Before I go any further this is all about me, not you, so if you read this and think I'm having a dig at you then you've well and truly got the wrong end of the stick. If you think it's about an organisation, and there are a couple that use the word, you're missing my point because I hold no ill will or bear any animosity at all. This is about how I feel. Me.
I've started this blog time after time month after month but struggled to put into words how I feel about potentially being called an 'Adoption Champion'. If you know me you'll know I've worked hard to duck the title on several occasions and mainly because it was just a feeling of unease that I struggled to put into words.

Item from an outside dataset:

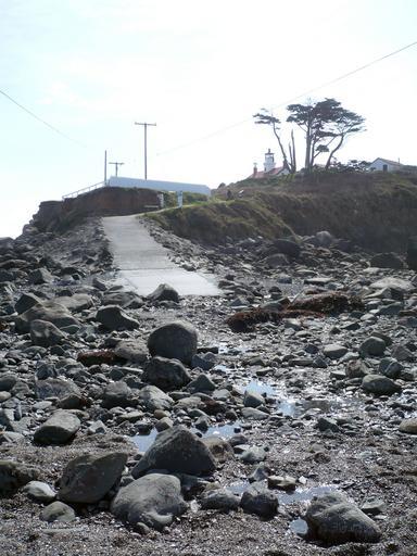 Keywords: BatteryPoint Sea Floor At High Tide.jpg 83001177 en The approach to Battery Park Lighthouse is by crossing the sea floor exposed only at low tide This photo shows where the walkway ends at the average high tide mark The lighthouse is visible next to the tree at the top of the tidal island original photo Ellin Beltz 2012-03-17 41 44 38 82 N 124 12 11 12 W region US Battery Point Lighthouse 2012 in California 20120317 Crescent City March 2012 in the United States 20120317 Crescent City Photographs taken on 2012-03-17 Crescent City Photographs by Ellin Beltz

More to the point I struggled to get to the bottom of why I felt the unease.
I've tried to verbalise my feelings on several occasions with different people failed dismally and come away from the conversation feeling like a pedant* or a lilly livered liberal, I mean it's only a name for heaven's sake.
I support and participate in the work that many of the 'champions' are doing, advocating for adopters and adoptees. The promotion of awareness of the reality of adoption and chipping away down the constant disneyfication of adoption in popular perceptions and media. In that regard I'm all in. It's just that word.

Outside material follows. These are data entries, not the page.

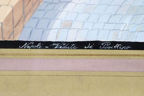"Napoli con veduta di Posillipo", gouache napoletana su carta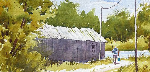 Auf weißem Papier wirkt weiße Aquarellfarbe kaum. Dort erzeugt sie meist sogar einen gräulich erscheinenden Schimmer. Wendet man sie jedoch auf farbigem Papier an, so entfaltet sie erst ihr wahre Wirkung. Sie eignet sich super zum Setzen von Akzenten und zur farblichen Abstufung des Hintergrundes.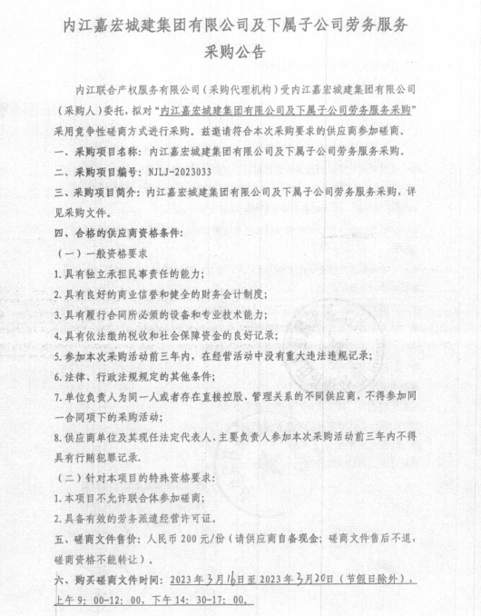 内江嘉宏城建集团有限公司及下属子公司劳务服务采购公告

I've talked to adoption 'Champions' who embrace the name and that's fine I don't want to project or transfer my unease.
Today, it finally came to me as I sat on the train.
Champion is an overwhelmingly positive term and to link it to social construction that at it's heart is born from catastrophic loss is the crux of my unease. I just can't reconcile the two.
*The good MrsC will read this and say 'you're just being an colossal arse' and she might have a fair point.